History used to divide people along royal blood, race or other traits. Modern times have rather seen growing poverty among the low-skilled. Predicting the advent of the machines, the Economist predicts that the future will divide people in two camps, those who invent or use technology well and those who will be replaced by it. Nations which fall behind in the race for knowledge will find themselves stuck as low-wage earners or worse.
Previous technological innovation have delivered more longrun employment, but this time it may be different. It is thence of highest strategic priority to take the future headon before we are rendered redundant by it. This paper is not a roadmap how to catch up with advanced countries, but it is a list of a shock therapy needed to get the patient to walk again.
To avoid the fate of low-skilled nations, tough decisions await education policy-makers and university administrators. Universities often teach yesterday’s skills by inertia and their teachers are still compensated generously from the taxpayers’ purse. We live in dynamic times where great syllabi may not be relevant by the time the first graduates that come out of the assembly line. As difficult as it seems, universities should strive to imbue graduates with the skills which will serve them for 40 years of their careers.

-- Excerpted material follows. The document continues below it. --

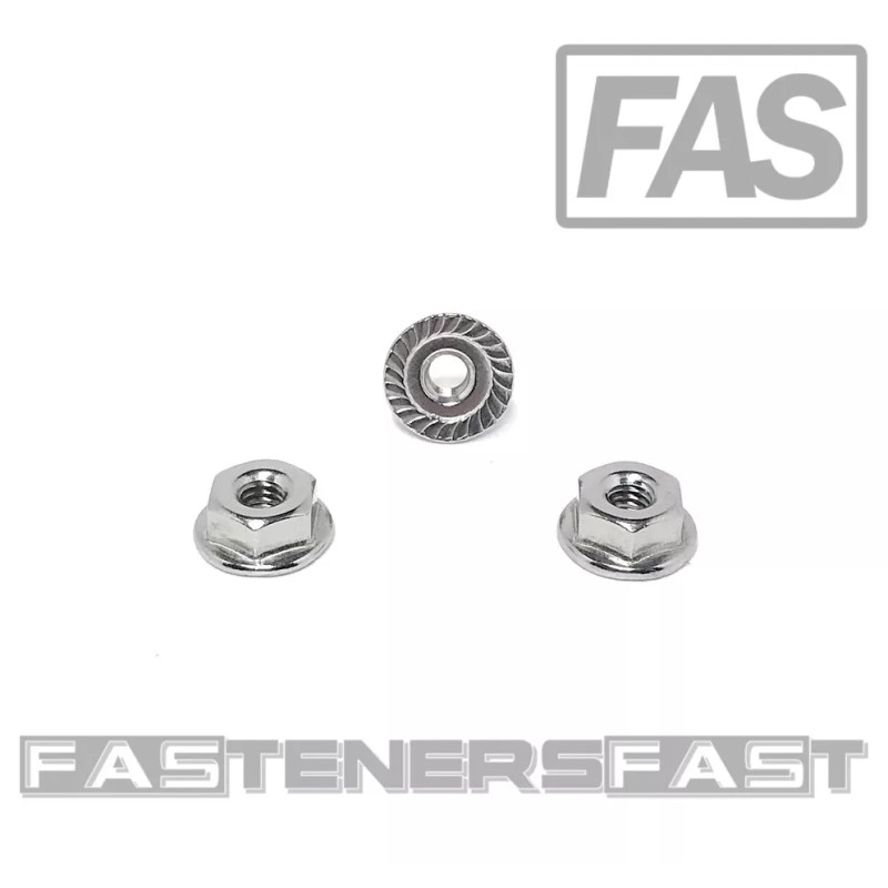 FAS (50) 8-32 Stainless Steel Serrated Flange Nuts 304 Stainless Flange Lock Nuts

The global advent of technology means that reforms in higher education should be at the top of the priority pile for the country’s top leaders. There are great examples of several Asian countries which used education as the single most important policy to move them from third-world laggards to world-wide leaders in fourty years. Kosovo aims to join the European Union, the largest single market with
the highest competition for high-skilled jobs. The EU is in many ways the most exclusive club, but it may turn out the worst if Kosovo cannot compete with high-skills. The abundance of robotics and information technology will bring cheaper goods and faster and better services but it may also generate higher unemployment in its least educated quarters.
Despite the massive challenge, Kosovo has a chance with the University of Prishtina today. Just when much of the country is descending into chaos, the University of Prishtina has taken a turn for the better. Its difficulties are daunting, but at least it has a leadership that is not willing to compromise.
UP’s difficulties and the challenging path to getting out of the mess has started to resemble that of Kosovo. UP is an illustration that (a) hard work and steely principles pay off, (b) public boards composed of non-party professionals can make a change for better, and (c) it is possible to lead politicians of all colours to side with reforms. The UP has given hope to taxpayers that it can scotch the professors’
abusive privileges, inflationary promotions. Despite the challenges posed by an anti-quality coalition mounted by the academics, the new rector is trying to enforce high quality academic performance and merit based academic promotion. The UP may turn out to be a powerful moral institution and the very catalyst for renewed trust on ethical professionals.
Kosovo has a long path to traverse, but even the longest path has to start somewhere. Semi-skilled clerks already get paid twice higher in Kosovo than in some EU member states, an indication of skill scarcity. Such skill scarcity is a direct result of various educational policies, including protection of jobs of professors whose skills will hardly be needed in the future. Quality was seen as luxury by several successive
government, but the last minister has identified quality as a priority. Hence the timeliness of a report such as this one which identifies the nine most common diseases which plague the UP and the prescriptions how to treat them.
To make sure the future comes faster, students should be turned into clients on the one hand and citizens of their university as an institution. If they are informed about the teacher-student ratio, the number of students in the classroom, and quality education that makes a difference, they may make more judicious choices as per their future career and ethical orientation. Ultimately, their choice will
depend on their perception of the labour market. If they see a value in the shortest route to the diploma, there is little that can be done. But new jobs in Kosovo will be created only in the private sector, which cares for skills. A public institution like the UP has to provide with an ethical orientation which is long overdue and badly needed in Kosovo.